It is important to take a break here and understand the new information we have created. It is very easy to make a little mistake in the settings of your functions, that can have very important consequenses in the model. If you don't check each step, you can easily fold a bad mistake into several other steps, wherepon it will be very difficult to figure out where the problem is (if you ever discover it al all.) Aside from this, even if the functions operated as expected, it is important to see whether the result makes logical sense vis-a-vis other data.

  1. Open the new earth_val layer and give it a shadeset that includes a ramp of color from red to green. Make the layer 40% transparent.
  2. Overlay this layer on top of the USGS Quad Maps. Does it appear to make sense?
  3. Use the Information tool to understand the values for each cell. Do they jibe with your understanding of what should have happened in the Map Algebra expression?
  4. Examine the output of this map for logical consistency with the USGS Quad Maps.

Converting Vector Features to Raster

Now that we have found places that have landform capability to support an earth sheltered house we need to narrow our focus. We are interested especially in land that is forested or that is already residential. Later on, we may add more criteria, but this is a start. This will lead us to explore two more important activities of cartographic modeling: conversion of vector features to rasters and a new way of using the map algebra function. As with many of the datasets we have, the MassGIS Land Use data set is a vector feature class, not a raster. Since many cartographic modeling functions require their inputs to be rasters, we must convert them through a process called Sampling. When doing this, we have to keep an eye on the cell size and what we are losing when we trade polygons with vertices to cells.



  1. Turn on the Land Use layer from MassGIS.
  2. Which of the polygons on this map meet our criteria for land use?
  3. It is very important that you understand the data you are using and not make assumptions.
  4. Examine the attribute table and Read the metadata
  5. In the Earthshelter model, open the Polgon to Raster function and examine its settings, especially the Cell Size and Field
  6. Run the Polygon to Raster function.
  7. Examine the raster result with regard to its original vector polygons.
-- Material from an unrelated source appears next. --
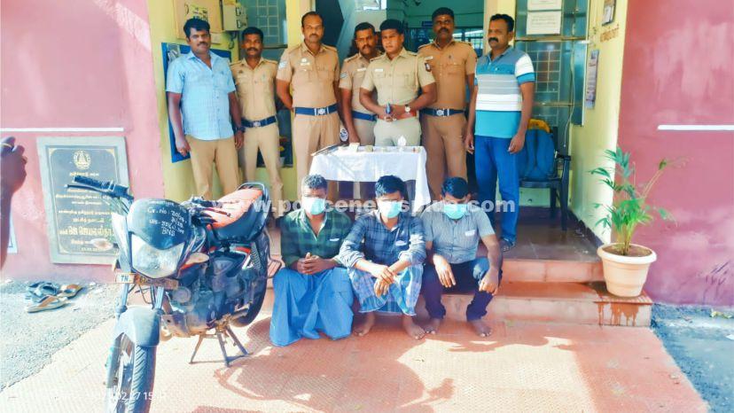 இந்நிலையில், குற்றச்சம்பவங்களில் ஈடுபட்ட செபஸ்டியான் மகன் சார்லஸ் என்ற சேசு அருள் (36). திருப்புவனம் அகரம் சிலைமான் பகுதியை சேர்ந்த வீரணன் என்பவரின் மகன் கார்த்தி (எ) கார்த்திகேயன் (36). நாமக்கல் மாவட்டம் ரெட்டிரோடு பகுதியை சேர்ந்த பாலசுப்பிரமணி என்பவர் மகன் மாதேஸ்வரன் (37). ஆகிய 3 பேரை தனிப்படையினர் பிடித்து விசாரித்ததில் கருங்குளத்தில் திருட்டு சம்பவத்தில் ஈடுபட்டதை ஒப்பு கொண்டுள்ளனர். அதனைத் தொடர்ந்து, வழக்கின் குற்றவாளிகளான மூவரிடமிருந்தும் திருடு போன களவு சொத்துக்களான 3.717 கிலோ அளவிலான வெள்ளி பொருட்கள் மற்றும் குற்றச்சம்பவத்திற்கு பயன்படுத்திய இருசக்கர வாகனம், ஆயுதம் போன்றவை கைப்பற்றப்பட்டு குற்றவாளிகள் மூவரும் கைது செய்யப்பட்டு நீதிமன்றக்காவலுக்கு அனுப்பப்பட்டனர். மேலும் இது போன்ற திருட்டு சம்பவங்களில் ஈடுபடுபவர்கள் மீது கடுமையான நடவடிக்கை எடுக்கப்படும் என சிவகங்கை மாவட்ட காவல் கண்காணிப்பாளர் ஆஷிஷ் ராவத், இ.கா.ப அவர்கள் எச்சரிக்கை விடுத்துள்ளார்.

Have we lost anything important?
  8. Use the information tool to click around the new Land Use raster and observe the values for various cells. It is useful here to consider how the choice of cell size has resulted in the loss of information about the precise edge of the polygons. Do you think that the resulting error is going to be critical in terms of the overall utility of the model?
  9. Now run the reclass command to convert land use to land use value
  10. Note that land use zones that are not assigned to a specific value, are converted to 0 since the existing land use of a site may enhance its desirability, but is not constitute a deal-breaker in the site selection process.


Once the Sample Model has been run all the way through, we should take a look at the result to see if it makes sense, and reflects our values. I will call your attention to an interesting thing that happens with raster elevation models. Use View->Bookmarks to go to Great Hill, in acton. Notice first that the model seems to make sense with regard to the aspect and the distance from the stream. But notice the horizontal syrations that are blanking out the slopes along the hill. If we examine the compoent layers, we can see that this apparent error of omission is a result of the results of the slope function. Apparently the elebation model shows a horizontal step on the hillside, that is not reflected in the USGS contour map. The fact that these striations are mostly east-west on our map arouses some suspicion about whether these may be artifacts of the process of creating elevation models. This sort of error isn't something that should cause us to doubt the entire model, but it his is something we should keep in mind when thinking about whether our data are as good as they ought to be or whether we ought to look for a better elevation model.

Thinking about Relationships

Lets back up now and think formally about Modeling We have developed a concept of sites that are propitious for earthsheltered housing. Our conceptual model so far includes three concepts of fact:

  1. Slopes steep enough for earthshelter
  2. Aspect for southern exposure
  3. Land Use Forested or existing Residential

Our model also includes a concept of Relationship:

  1. Juxtaposition of propitious factors occurring in the Same Location

You can see that this association among facts is simulated in the Map Algebra procedure in the model. This procedure examines each location in a list of layers and produces a new layer whose cell values are each 0 a function of juxtaposed cells in the input layers. According to Tomlin's Map Algebra notation, this sort of association of cells is a Local Function. Tomlin has several other classes of associative procedures in his Cartographic Modeling language: Incremental Functions, Focal (Neighborhood) Functions and Zonal Functions YOu can check out these illustrations to see how these work.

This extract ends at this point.